WHAT YOU ARE ASKED TO DO
Only one span is wanted from the lines below: from the one with "5. a) Modellbild" up to and including the one with "Einer der Bergretter". Copy it exactly, without images.

Top of THE INPUT

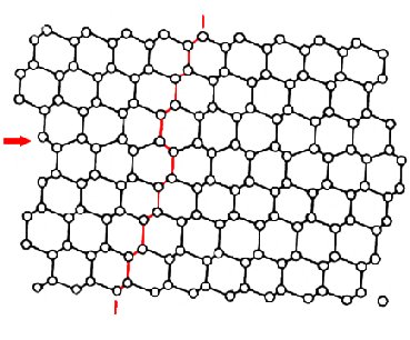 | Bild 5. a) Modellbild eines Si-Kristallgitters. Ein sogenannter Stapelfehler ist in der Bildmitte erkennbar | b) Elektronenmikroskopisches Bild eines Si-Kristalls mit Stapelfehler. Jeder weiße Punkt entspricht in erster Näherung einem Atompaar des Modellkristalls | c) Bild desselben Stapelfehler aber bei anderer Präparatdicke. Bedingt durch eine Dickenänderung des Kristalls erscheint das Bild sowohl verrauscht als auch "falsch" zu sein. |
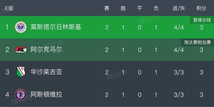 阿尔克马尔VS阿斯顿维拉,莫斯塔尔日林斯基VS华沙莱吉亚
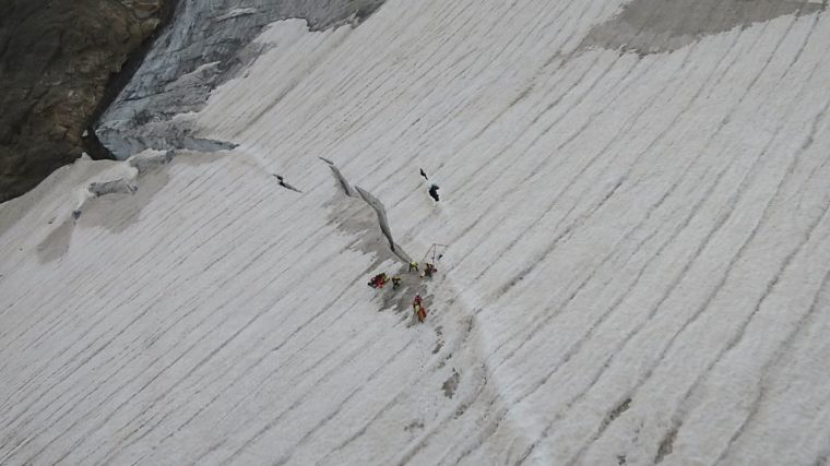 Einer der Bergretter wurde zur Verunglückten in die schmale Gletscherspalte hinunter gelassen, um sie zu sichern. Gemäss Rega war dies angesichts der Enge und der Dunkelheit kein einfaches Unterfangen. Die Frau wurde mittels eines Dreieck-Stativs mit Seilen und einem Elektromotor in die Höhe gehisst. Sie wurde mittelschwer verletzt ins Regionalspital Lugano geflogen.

Bottom of THE INPUT
Top of THE INPUT

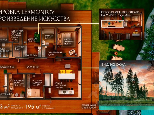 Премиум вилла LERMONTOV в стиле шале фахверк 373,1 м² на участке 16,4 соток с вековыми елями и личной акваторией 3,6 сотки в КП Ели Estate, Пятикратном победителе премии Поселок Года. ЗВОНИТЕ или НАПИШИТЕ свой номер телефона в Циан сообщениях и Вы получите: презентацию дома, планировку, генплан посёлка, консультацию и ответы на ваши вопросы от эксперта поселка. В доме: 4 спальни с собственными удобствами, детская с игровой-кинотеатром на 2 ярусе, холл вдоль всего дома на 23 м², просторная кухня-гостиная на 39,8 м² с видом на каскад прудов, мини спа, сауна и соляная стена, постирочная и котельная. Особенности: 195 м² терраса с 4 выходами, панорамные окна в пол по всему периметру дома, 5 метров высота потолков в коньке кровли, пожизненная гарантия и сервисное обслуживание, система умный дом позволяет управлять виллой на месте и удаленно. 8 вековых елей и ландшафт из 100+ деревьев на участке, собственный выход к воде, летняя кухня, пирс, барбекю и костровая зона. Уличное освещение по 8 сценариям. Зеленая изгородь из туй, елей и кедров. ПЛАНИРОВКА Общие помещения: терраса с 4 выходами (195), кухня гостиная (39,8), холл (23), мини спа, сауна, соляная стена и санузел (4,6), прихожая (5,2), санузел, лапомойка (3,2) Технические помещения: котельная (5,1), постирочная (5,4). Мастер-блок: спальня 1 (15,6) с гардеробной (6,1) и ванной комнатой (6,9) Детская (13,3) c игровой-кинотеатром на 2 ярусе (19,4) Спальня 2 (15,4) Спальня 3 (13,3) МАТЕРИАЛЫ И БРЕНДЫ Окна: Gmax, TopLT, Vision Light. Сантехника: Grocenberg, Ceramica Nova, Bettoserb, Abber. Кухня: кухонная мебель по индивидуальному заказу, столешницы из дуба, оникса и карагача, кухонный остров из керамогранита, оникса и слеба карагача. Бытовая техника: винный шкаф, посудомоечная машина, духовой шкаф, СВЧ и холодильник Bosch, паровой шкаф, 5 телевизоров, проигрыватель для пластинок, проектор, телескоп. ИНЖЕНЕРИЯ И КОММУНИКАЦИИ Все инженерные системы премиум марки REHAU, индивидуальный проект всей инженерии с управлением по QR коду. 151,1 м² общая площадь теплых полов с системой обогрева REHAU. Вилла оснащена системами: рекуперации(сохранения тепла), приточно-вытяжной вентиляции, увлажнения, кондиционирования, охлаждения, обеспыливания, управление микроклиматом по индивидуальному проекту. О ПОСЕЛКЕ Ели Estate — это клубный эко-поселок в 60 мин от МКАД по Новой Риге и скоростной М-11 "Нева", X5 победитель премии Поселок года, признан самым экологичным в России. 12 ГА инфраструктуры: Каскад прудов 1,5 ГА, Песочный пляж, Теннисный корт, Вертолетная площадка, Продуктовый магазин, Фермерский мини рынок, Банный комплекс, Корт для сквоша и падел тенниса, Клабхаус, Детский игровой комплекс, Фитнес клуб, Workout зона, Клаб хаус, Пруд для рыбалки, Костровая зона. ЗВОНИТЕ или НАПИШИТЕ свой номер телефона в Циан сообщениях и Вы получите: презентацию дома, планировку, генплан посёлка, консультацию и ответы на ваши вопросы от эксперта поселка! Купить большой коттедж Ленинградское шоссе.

Bottom of THE INPUT
Top of THE INPUT

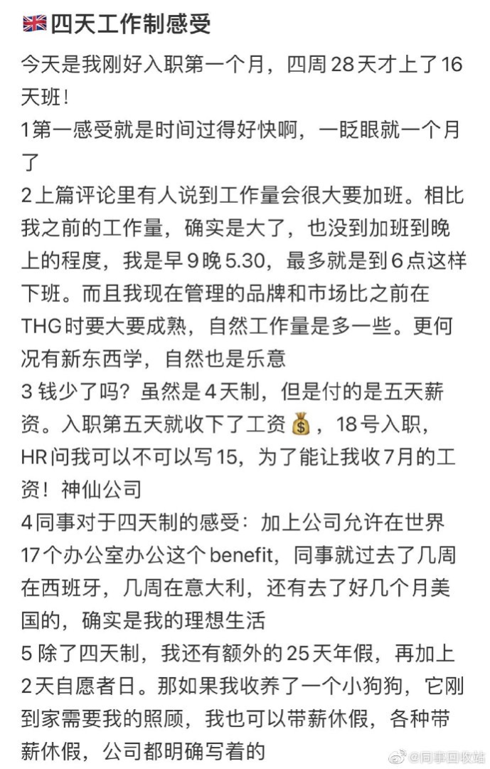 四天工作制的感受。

Bottom of THE INPUT

THE ANSWER
 | Bild 5. a) Modellbild eines Si-Kristallgitters. Ein sogenannter Stapelfehler ist in der Bildmitte erkennbar | b) Elektronenmikroskopisches Bild eines Si-Kristalls mit Stapelfehler. Jeder weiße Punkt entspricht in erster Näherung einem Atompaar des Modellkristalls | c) Bild desselben Stapelfehler aber bei anderer Präparatdicke. Bedingt durch eine Dickenänderung des Kristalls erscheint das Bild sowohl verrauscht als auch "falsch" zu sein. |
 阿尔克马尔VS阿斯顿维拉,莫斯塔尔日林斯基VS华沙莱吉亚
 Einer der Bergretter wurde zur Verunglückten in die schmale Gletscherspalte hinunter gelassen, um sie zu sichern. Gemäss Rega war dies angesichts der Enge und der Dunkelheit kein einfaches Unterfangen. Die Frau wurde mittels eines Dreieck-Stativs mit Seilen und einem Elektromotor in die Höhe gehisst. Sie wurde mittelschwer verletzt ins Regionalspital Lugano geflogen.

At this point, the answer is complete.